First of all; we believe any major platform shift without consulting all platform users to be an unfair business practice and believe that especially in modern times such practice should be buried along with dictatorship, despotism, autocracy, authoritarianism and tyranny despised so much in our time.

An old saying in contention to unnecessary transformation alleges that “Nothing succeeds like success” Hopefully the highly esteemed Airbnb team are not pursuing competitor platform policies for the sake of evolution.

We have just removed our listings from such a competitor platform operating without profile photos nor any recourse after cancellation, even with a strict cancellation policy in place and with no importance attached to reviews at all. The foremost reason for removal was to distance ourselves from such platforms believed to be used mainly for Visa acquiring purposes and possibly by Drug lords and Human trafficking syndicates.

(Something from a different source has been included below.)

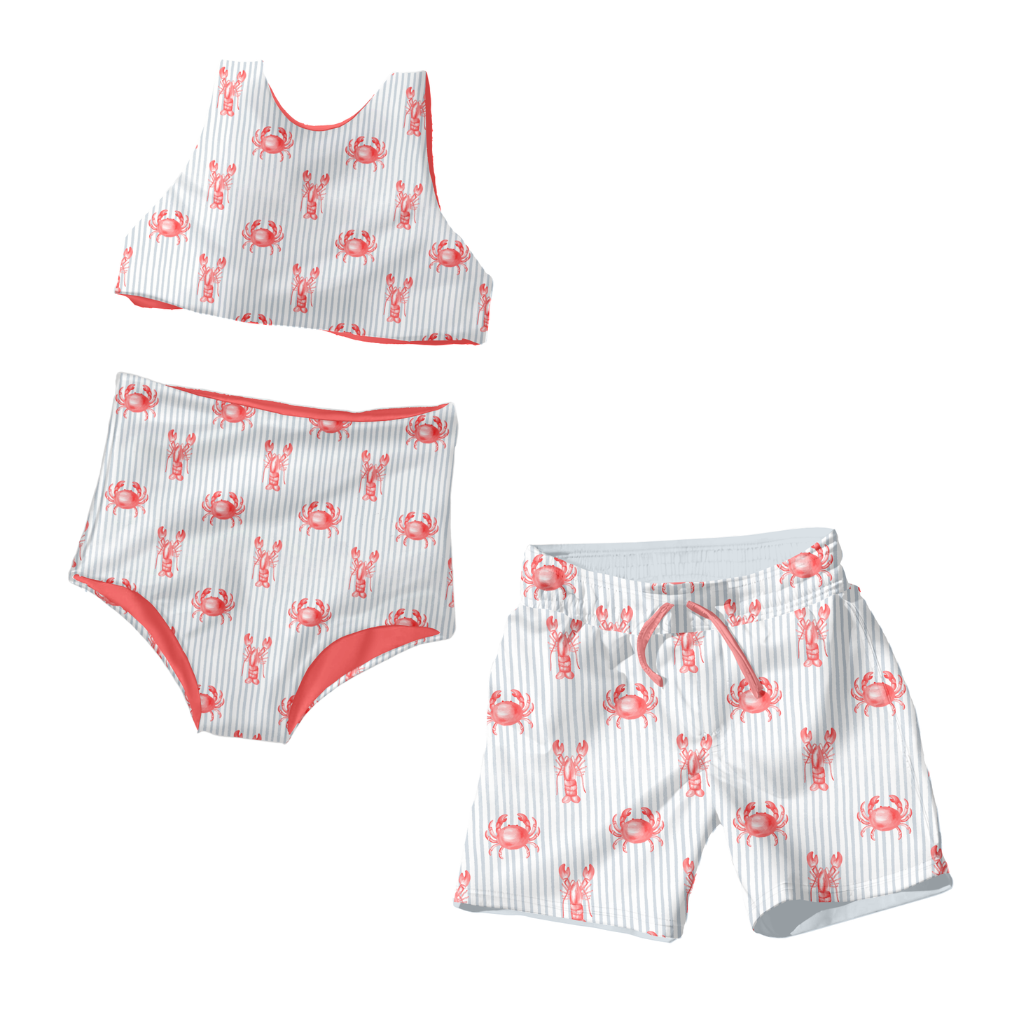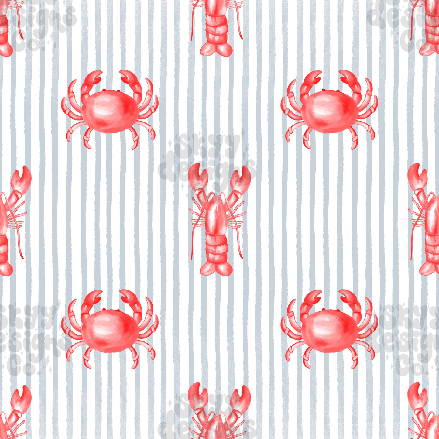 Nautical Muted Lobster Crab Stripe

Personal experience taught that less than 15% of the immense number of bookings received from such platforms materialize with the remaining more than 75 % being unresponsive and end up as ‘no shows’ thereby leaving the platform calendars blocked for long periods even although no intention of a stay ever existed, this practice is obviously considered much worse than ‘cancellation with ill motive’ and makes cross platform calendar syncing completely impracticable.

Another concern is that management is taking the ‘Airbnb Hell’ site seriously with blogs mainly from ignorant disgruntled users unable to get a refund from a listing with a strict cancelation clause in place; as this will surely be considered a text book case of “the blind leading the blind”?

After all is said we read Airbnb platform content that really proves to be confusing and we quote:

“Clear frontal face photos are an important way for hosts and guests to learn about each other.” The only word that comes to mind upon reading this platform statement is ……a common SA term often used by locals….’eish’….. meaning there is no words to express….

Therefor this plea to senior management to again revert back to the old Airbnb once considered by many users as the booking platform of choice being miles ahead of all competitors and to once again pursue a feeling of all platform users belonging and to remove the new blatant animosity now existing between guests and hosts alike caused by extremely unfair and unnecessary platform policy shifts without prior consultation.